Only one of the interrogatories refers to M.F. Engineering. Interrogatory No. 4 required Lucido to "Identify all transfers of Assets by M.F. Engineering to any Person from June 1, 2017 to the present." Pl. Exh. 67. This Interrogatory only requests information and does not request documents. Lucido timely filed further responses to Interrogatory No. 4 on October 7, 2022. Pl. Exh. 79. Thus, with respect to the Interrogatories, the court finds that Lucido obeyed the Discovery Order.
Unfortunately, the court cannot determine whether Lucido complied with the Requests for Production because they were never introduced into evidence at trial. Without that evidence, the court cannot find that Lucido refused to obey the Discovery Order at all, let alone that he refused to obey willfully or intentionally. As a result, RGW failed to sustain its burden to show by a preponderance of the evidence that Lucido refused to obey a lawful order of the court.
While not discussed in RGW's closing trial brief, RGW filed a motion in limine to compel Lucido to provide information and documents that he had purportedly failed to turnover during discovery, including M.F. Engineering checks. This court's June 23, 2023 order granted part of RGW's requested relief and ordered Lucido to, among other things, produce his 2022 W-2 form from S.G. Banks and to sit for another deposition. The order did not specifically address the M.F. Engineering checks, and RGW never sought additional relief nor asked this court to reconsider its order to include the checks.
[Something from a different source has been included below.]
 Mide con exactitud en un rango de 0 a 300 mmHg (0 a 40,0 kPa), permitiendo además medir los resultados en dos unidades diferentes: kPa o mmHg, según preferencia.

5. 11 U.S.C. §§ 727(a)(5) and (a)(7)
As noted previously, these bases were asserted in the Complaint. However, no evidence or argument was presented at trial in their support, and they were not argued in RGW's trial brief or post-trial brief. To the extent that these bases were not waived, the court finds that RGW has not sustained its burden to show by a preponderance of the evidence that Lucido would be denied a discharge in a chapter 7 under §§ 727(a)(5) or (a)(7).
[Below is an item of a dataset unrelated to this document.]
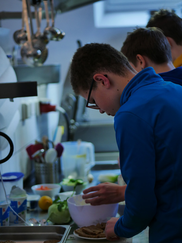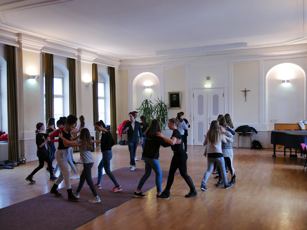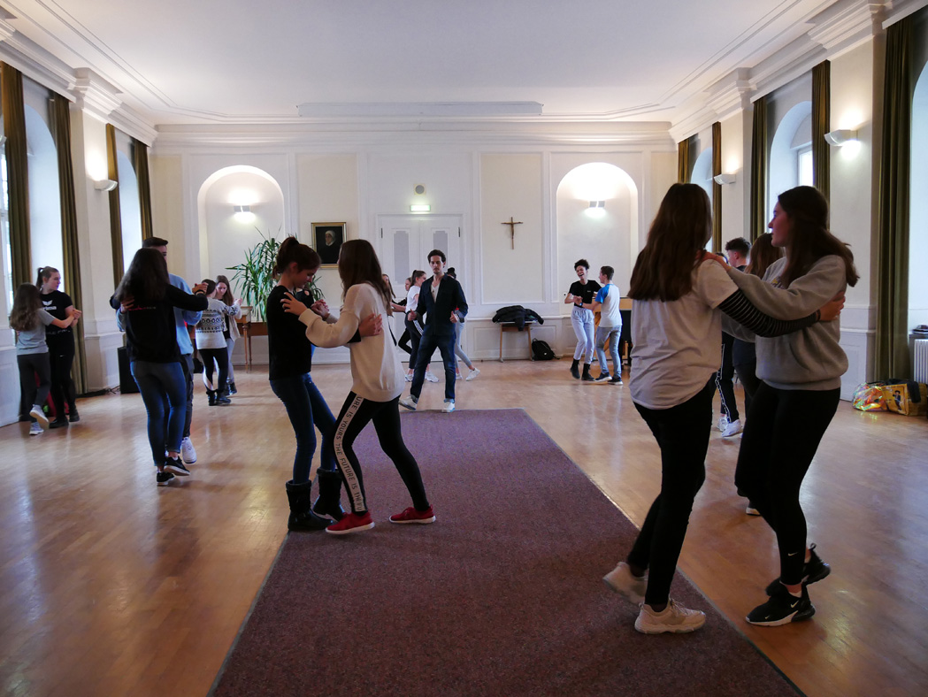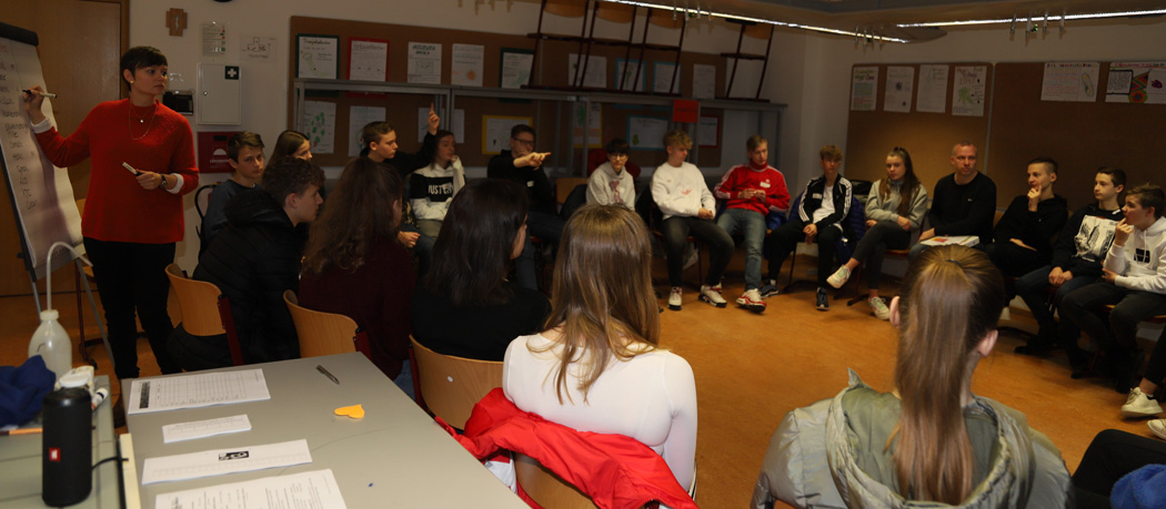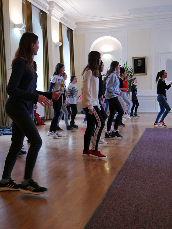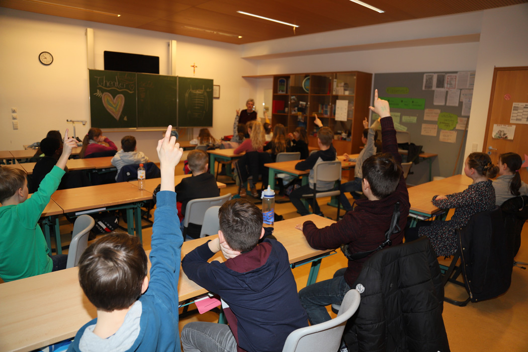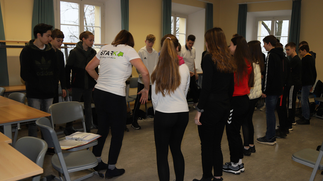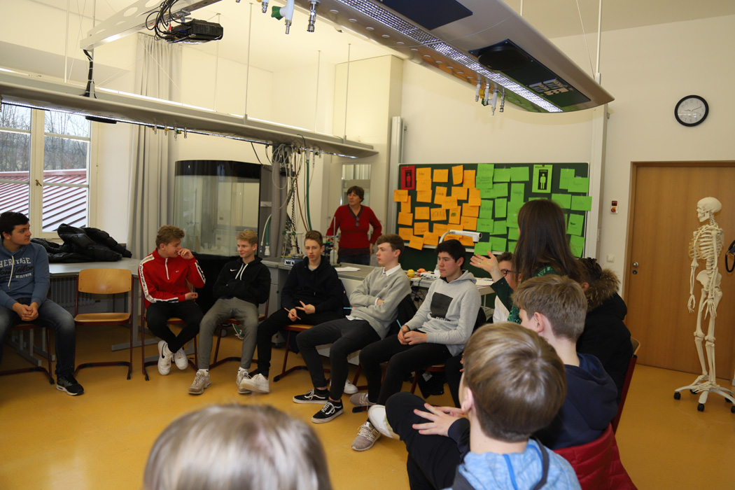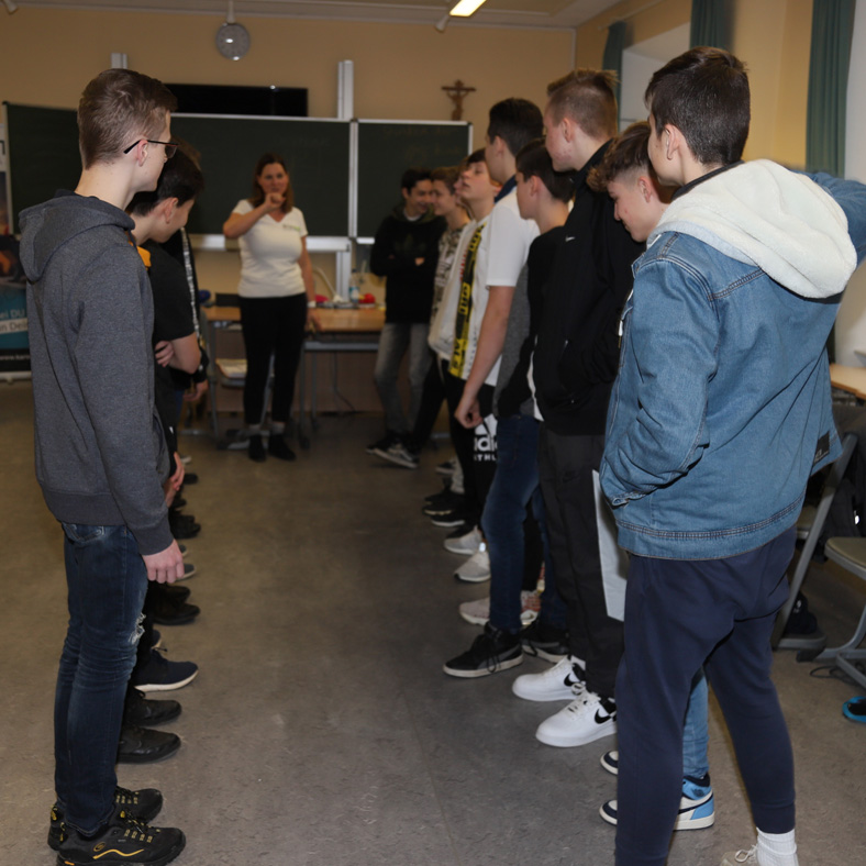 Die anschließenden Projekte förderten in vielen Klassen das faire Miteinander, die Selbstachtung und die seelische und körperliche Gesundheit, beispielsweise durch Kurse in QiGong, Selbstverteidigung, Tanzen, Ernährungslehre oder Klassenmaßnahmen wie „Fairnetzen“ und „Maßhalten“. In den 5. Klassen stand der gesamte Tag im Zeichen Astrid Lindgrens und endete mit einem Besuch der Aufführung „Karlsson vom Dach“ im Stadttheater. Die 8. Klassen konnten unter der Leitung von Antonia Schwarz in die Tanzwelt hineinschnuppern und lernten die Grundschritte von Discofox und Walzer, stärkten sich an selbst zubereiteten Speisen, betreut von Frau Inge Zacher, und nahmen an einem Projekt zur Mobbingprävention bei der Familienteamtrainerin Karin Feilmeier teil. Sie zeigte den Schülerinnen und Schülern, dass man auch ganz „ohne Muckis“ stark sein kann. Die Oberstufe hatte Gelegenheit zur Berufs- und Studienorientierung beim Besuch einer Vorlesung an der Uni oder eines geeigneten Ausbildungsbetriebs.

For all of the above reasons, the court finds that RGW has failed to sustain its burden to prove, by a preponderance of the evidence, that Lucido would be denied a discharge under § 727(a) in a chapter 7 case. Thus, judgment can be entered in Lucido's favor on this basis alone.
II. Conclusion
RGW has not demonstrated, by a preponderance of the evidence, all three elements of Bankruptcy Code § 1141(d)(3), and judgment shall be entered in Lucido's favor on this claim for relief. As stated above, the Complaint also includes a claim for relief to add Lucido to the BAD Judgment as BAD's alter ego. RGW failed to pursue this claim for relief after this court sustained the BAD Trustee's objection to RGW's proof of claim, and this claim for relief was never dismissed, either consensually or otherwise. The District Court's reversal of the Objection Order revives, at the very least, RGW's full proof of claim. The parties need to inform this court how they wish to proceed with the "Alter Ego" claim for relief. To the extent that they believe it should be litigated as part of this adversary proceeding in some form or fashion, this court will enter judgment on the § 1141(d)(3) claim for relief under Federal Rule of Bankruptcy Procedure 7054(b) and finds that there is no just reason to delay entering a final judgment on this claim for relief.
The court will conduct a post-trial status conference on September 29, 2023, at 11:00 a.m. to determine how the parties wish to proceed. The parties may appear in person or by Zoom.